- [Work required]:
With the pictures left out, copy the records below exactly from the first line down to the line holding "Ο αριθμός των", and include that line.

- [The data]:
* * * * * * *
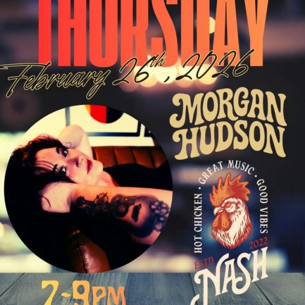 1 of 1 Morgan Hudson at NASH Hot Chicken *solo acoustic* Location Nash Hot Chicken Address 114 East 5th Street, Greenville, NC 27858 Phone 2529995444 Email Website About Presented By Nash Hot Chicken Dates February 26, 2026 Time 7:00 PM to 9:00 PM WING NIGHT Ft. Morgan Hudson acoustic set!Enjoy amazing chicken, cold beer, cool bartenders, and awesome vibes Map
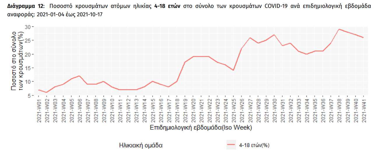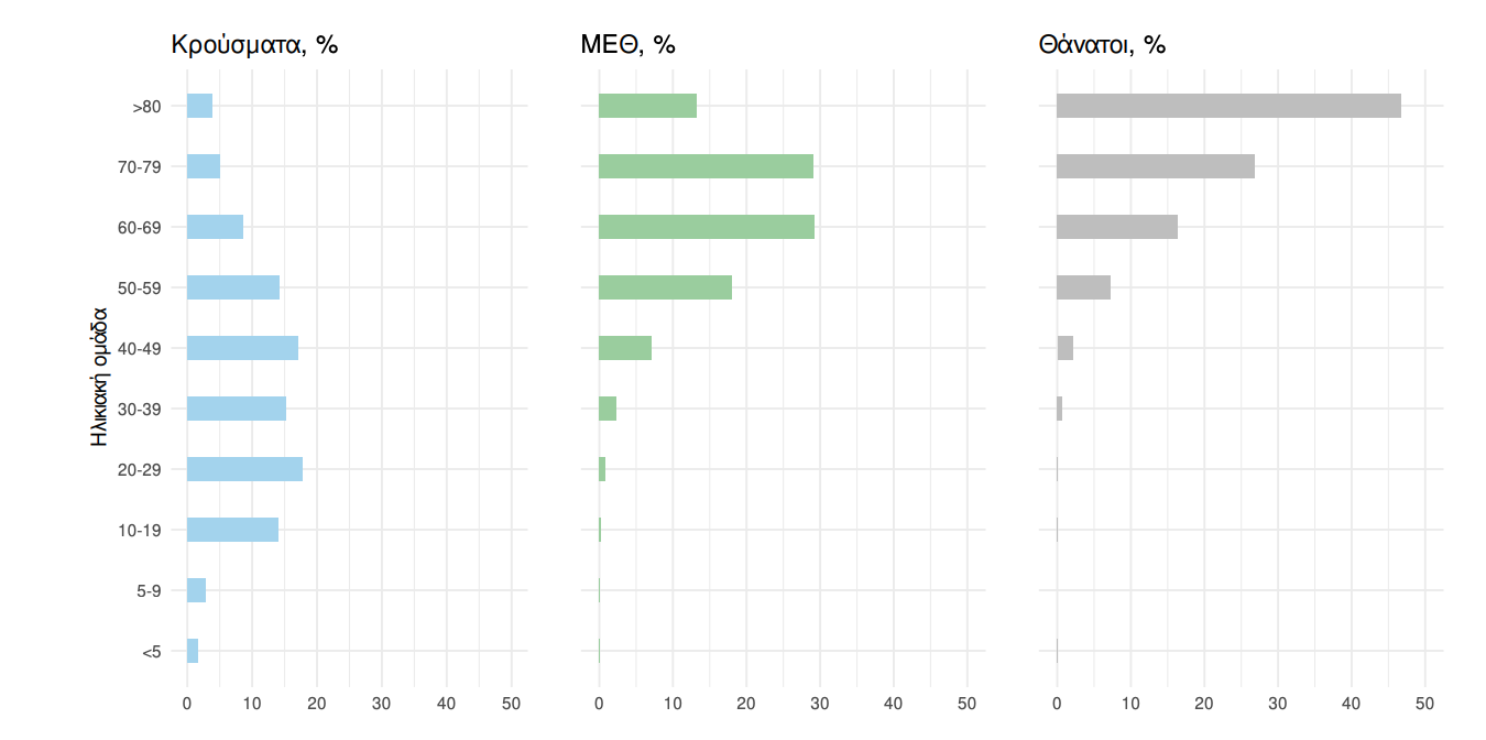 Ο αριθμός των ασθενών που νοσηλεύονται διασωληνωμένοι είναι 351 (65.0% άνδρες). Η διάμεση ηλικία τους είναι 66 έτη. To 81.5% έχει υποκείμενο νόσημα ή/και ηλικία 70 ετών και άνω. Μεταξύ των ασθενών που νοσηλεύονται διασωληνωμένοι, 311 (88.6%) είναι ανεμβολίαστοι ή μερικώς εμβολιασμένοι και 40 (11.4%) είναι πλήρως εμβολιασμένοι. Από την αρχή της πανδημίας έχουν εξέλθει από τις ΜΕΘ 3.259 ασθενείς. Οι εισαγωγές2 νέων ασθενών Covid-19 στα νοσοκομεία της επικράτειας είναι 213 (ημερήσια μεταβολή +10.94%). Ο μέσος όρος εισαγωγών του επταημέρου είναι 207 ασθενείς.Η διάμεση ηλικία των κρουσμάτων είναι 39 έτη (εύρος 0.2 έως 106 έτη), ενώ η διάμεση ηλικία των θανόντων είναι 78 έτη (εύρος 0.2 έως 106 έτη). Διάγραμμα 4: Ηλικιακή Κατανομή κρουσμάτων, νοσηλευόμενων στις MEΘ και ασθενών που απεβίωσαν από την αρχή της πανδημίας
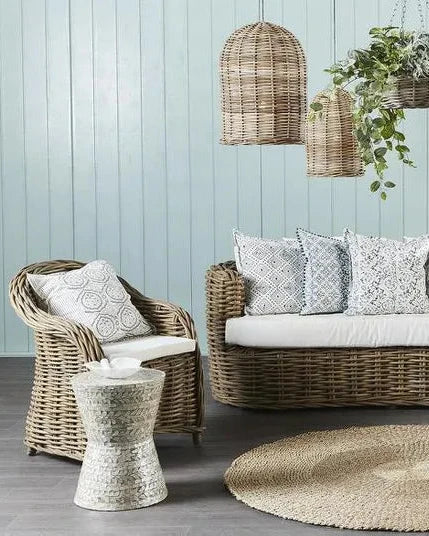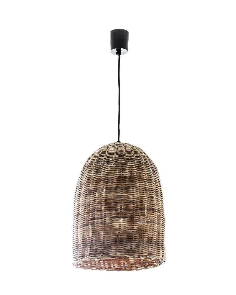 With its organic texture and curved silhouette, this bell-shaped rattan pendant light adds a relaxed, earthy aesthetic to any interior. Handwoven from natural wicker and suspended from a black cloth cord, it introduces warmth and character whether styled in coastal, bohemian, or contemporary spaces. The use of natural materials enhances a feeling of calm and connection, making it a timeless addition to dining, living, or bedroom settings.
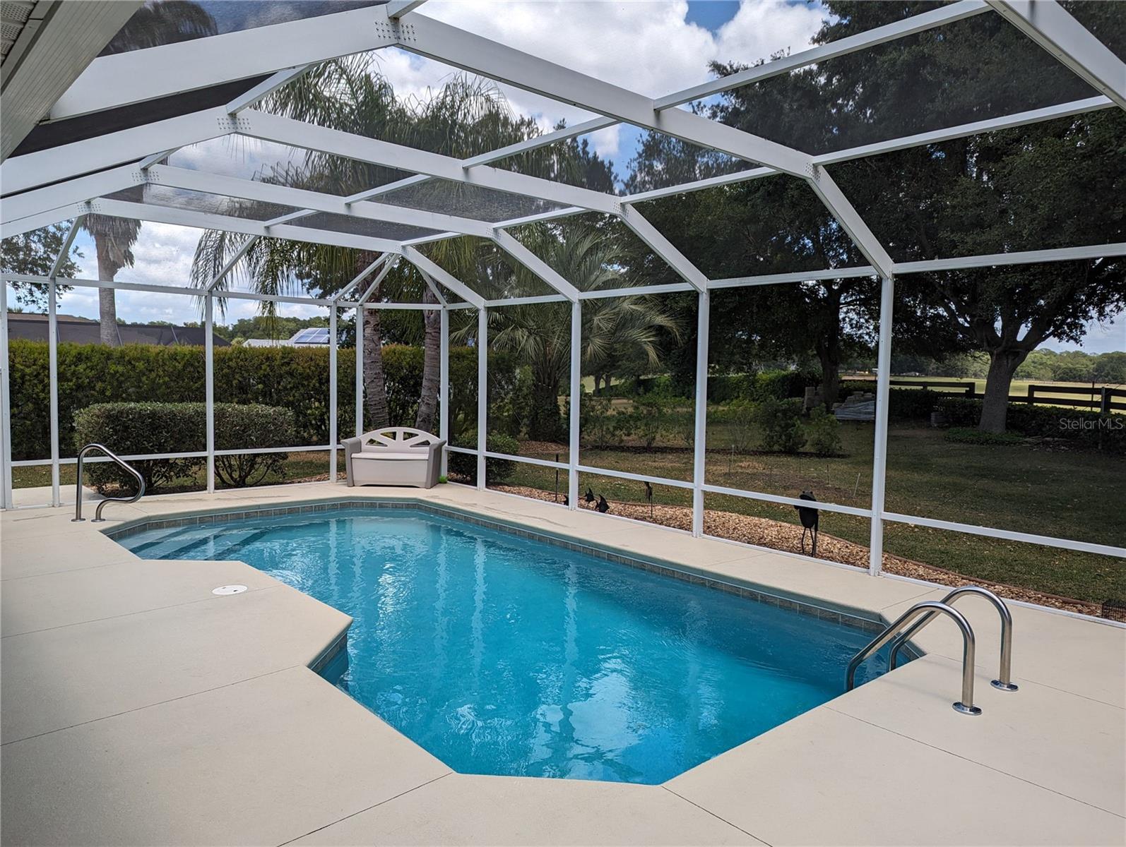 Location Location Location. This stunning Designer Lantana model home is situated in the highly sought-after Village of Hadley, at the end of a peaceful cul-de-sac. The property boasts an oversized pie-shaped lot with privacy and incredible views of a tranquil pasture. Enjoy outdoor living at its best with a private, heated T&D pool, surrounded by lush landscaping for seclusion. The Summer Kitchen/Bar features marine-grade cabinets and elegant granite countertops, perfect for entertaining. The oversized 2-car garage offers additional space, including a deep bay for a golf cart, and there's also attic storage measuring 8' x 22'. Inside, the home includes an expanded Master Bedroom closet (11' x 6'6"), professionally designed for added convenience. The luxurious Master Bath features a Roman shower. The front guest room is currently set up as an office with twin Murphy beds for versatile use. The kitchen is a chef’s dream with cabinetry and beautiful granite countertops, oak cabinetry has been added in the laundry room. Throughout the home, you'll find crown molding, 10-foot ceilings, a central vacuum system, and four solar tubes that bring in abundant natural light. This home has it all—comfort, style, and privacy. Don’t miss the chance to see it for yourself! Bond Paid & A Must-See!
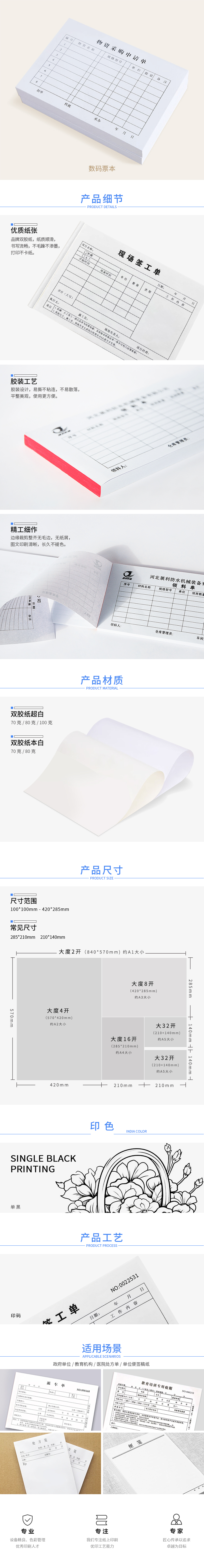 数码特价产品-数码票本字迹清晰,多规格;精选原材,纸张顺滑,书写流畅舒适。可添加数码可变数据,让每一张都独一无二。 下单注意事项:1、文件格式:支持JPG(分辨率不低于300像素/英寸)、PDF、Al、CDR等格式。2、裁切成品会有2-3mm误差,设计时请注意有效内容距边至少3mm,保持美观性的同时也不会被裁到。3、CDR、PDF、Al格式的文件,文字必须转完曲线,图片格式分辨率达到300像素/英寸。印刷文件色彩模式为CMYK,印刷与电脑屏幕显示也存在差异。
* * * * * * *
- [Written solution]:
 1 of 1 Morgan Hudson at NASH Hot Chicken *solo acoustic* Location Nash Hot Chicken Address 114 East 5th Street, Greenville, NC 27858 Phone 2529995444 Email Website About Presented By Nash Hot Chicken Dates February 26, 2026 Time 7:00 PM to 9:00 PM WING NIGHT Ft. Morgan Hudson acoustic set!Enjoy amazing chicken, cold beer, cool bartenders, and awesome vibes Map
 Ο αριθμός των ασθενών που νοσηλεύονται διασωληνωμένοι είναι 351 (65.0% άνδρες). Η διάμεση ηλικία τους είναι 66 έτη. To 81.5% έχει υποκείμενο νόσημα ή/και ηλικία 70 ετών και άνω. Μεταξύ των ασθενών που νοσηλεύονται διασωληνωμένοι, 311 (88.6%) είναι ανεμβολίαστοι ή μερικώς εμβολιασμένοι και 40 (11.4%) είναι πλήρως εμβολιασμένοι. Από την αρχή της πανδημίας έχουν εξέλθει από τις ΜΕΘ 3.259 ασθενείς. Οι εισαγωγές2 νέων ασθενών Covid-19 στα νοσοκομεία της επικράτειας είναι 213 (ημερήσια μεταβολή +10.94%). Ο μέσος όρος εισαγωγών του επταημέρου είναι 207 ασθενείς.Η διάμεση ηλικία των κρουσμάτων είναι 39 έτη (εύρος 0.2 έως 106 έτη), ενώ η διάμεση ηλικία των θανόντων είναι 78 έτη (εύρος 0.2 έως 106 έτη). Διάγραμμα 4: Ηλικιακή Κατανομή κρουσμάτων, νοσηλευόμενων στις MEΘ και ασθενών που απεβίωσαν από την αρχή της πανδημίας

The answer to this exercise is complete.